A 30-second streaming job writes a file every 30 seconds per partition. That is 2,880 files per partition per day. A daily ingestion that writes one large file per partition produces one. The two designs run the same SQL the same way, but the streaming version is dramatically slower because every read has to open thousands of tiny files instead of a few large ones. This is the small files problem, and it is the single most common operational headache in lake and lakehouse environments. The fix is compaction: periodically rewriting many small files into fewer large files, with no change to the table's logical contents.
Why Small Files Hurt
Cost
Per-File Overhead
Why Many Files Compounds
Object storage requests
Each open is a billable request
Thousands of files = thousands of billed requests per query
Metadata reads
Each Parquet footer has to be parsed
Footer reads dominate when files are small relative to footer size
Task scheduling
Each file is a separate task in Spark / Trino
Scheduler overhead exceeds actual work for small files
Compression efficiency
Per-file dictionary encoding is less effective on small batches
Total bytes on disk grow even though raw data is the same
Query planner cost
Manifest lists grow with file count
Iceberg / Delta metadata operations slow as manifests bloat
The Numbers
The sweet spot is files between 128 MB and 1 GB after compression. At 256 MB, a typical Spark task processes the file in one stage with good vectorization and the metadata overhead is a small fraction of the work. Below 64 MB, the metadata costs start to dominate. Below 16 MB, queries spend more time opening files than reading them. Streaming jobs that write tiny micro-batches at high frequency can produce hundreds of thousands of sub-megabyte files per day. Without compaction, the table becomes unqueryable within a quarter.

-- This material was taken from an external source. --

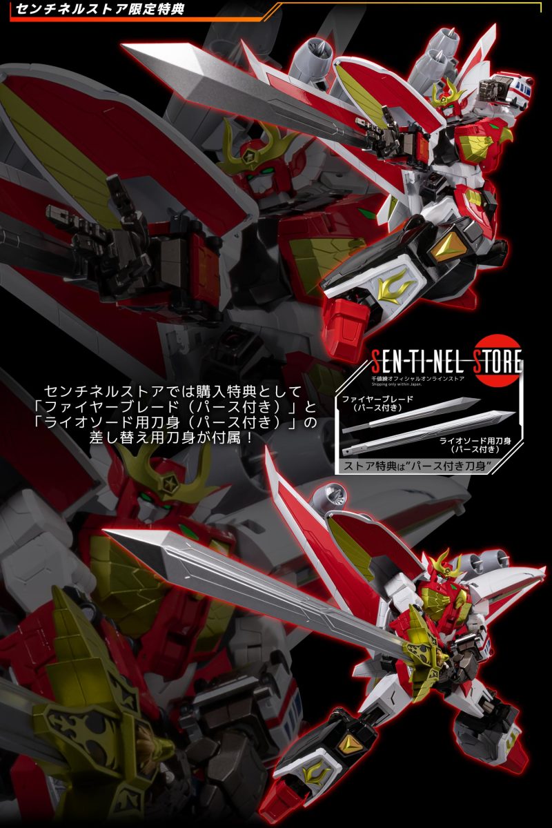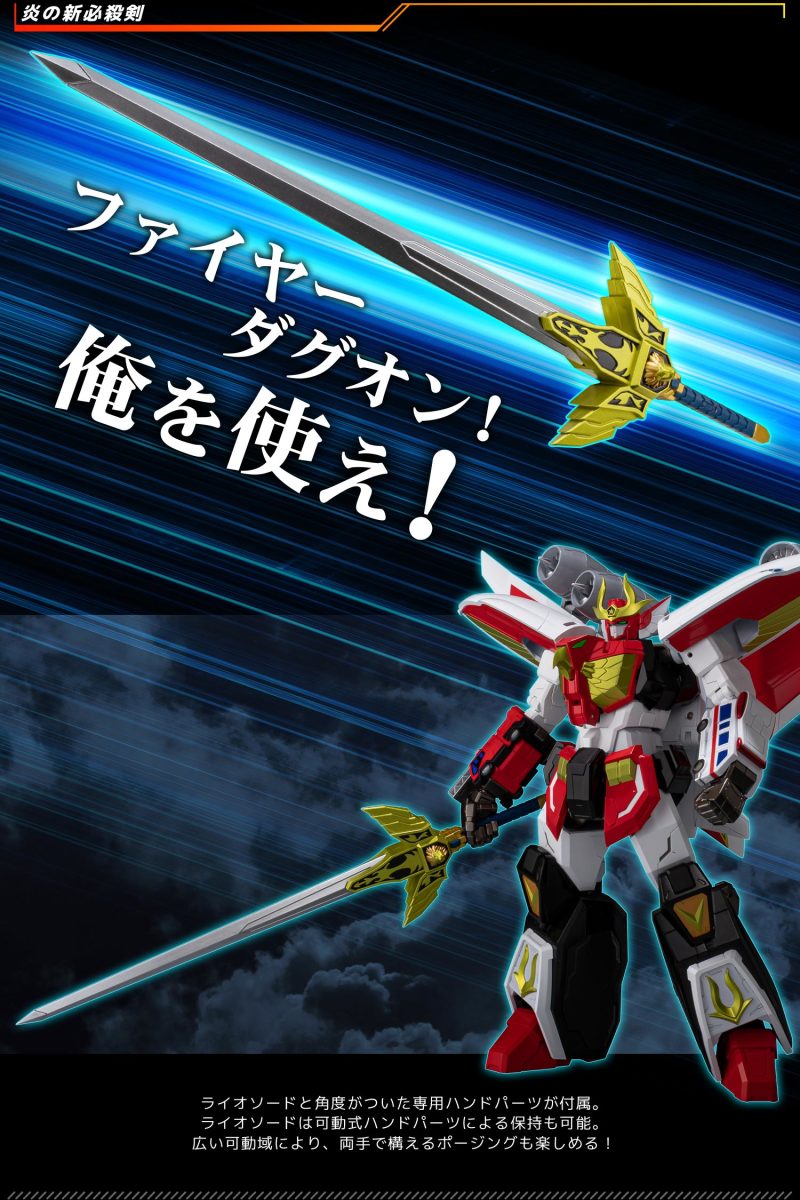 此外於千值練官方商店購買此商品,還能獲得限定特典「勇者架勢用火焰劍・狂獅劍劍身」,再現動畫中充滿張力的勇者架勢構圖!同時千值練也預告日後將推出《勇者指令》第二彈商品「METAMOR-FORCE 威力達古王」,能夠與火焰達古王進一步合體成最強形態超級火焰達古王!

Compaction reads the small files in a partition, merges them into target-sized files, and commits a new snapshot in which the small files are replaced. The data is unchanged. The snapshot retains the old small files (so time travel still works) until they are vacuumed. Compaction is safe to run concurrently with reads thanks to snapshot isolation; readers see a consistent snapshot regardless of whether compaction is in progress.
Where the Small Files Come From
Source
Why It Produces Small Files
Mitigation
Streaming micro-batches
Trigger interval forces a write per batch per partition
Schedule hourly or daily compaction; tune trigger interval up if SLA permits
Partition cardinality too high
Each partition gets a small slice of each batch
Reduce partition cardinality; cluster on the high-cardinality column instead
Concurrent writers without coordination
Each writer produces its own files for the same partition
Single ingestion pipeline per table; or coordinate via merge
CDC ingestion of high-update workloads
Each captured change becomes a small change file
Periodic merge-on-read compaction; switch to copy-on-write for read-heavy tables
Backfills with many small batches
Backfill granularity exceeds final partition granularity
Run backfill into a staging table and bulk-rewrite into the production table
Compaction As an Operational Discipline
Compaction is not a one-time fix. A streaming pipeline accumulates small files continuously, and compaction has to run continuously as well. Production environments schedule compaction as a low-priority maintenance DAG: hourly for hot streaming tables, daily for batch-ingest tables, weekly or monthly for cold archival tables. The compaction DAG is its own pipeline, with its own monitoring, its own SLA, and its own cost line. Engineers who treat compaction as someone else's job watch their tables degrade in legibility and query speed over months.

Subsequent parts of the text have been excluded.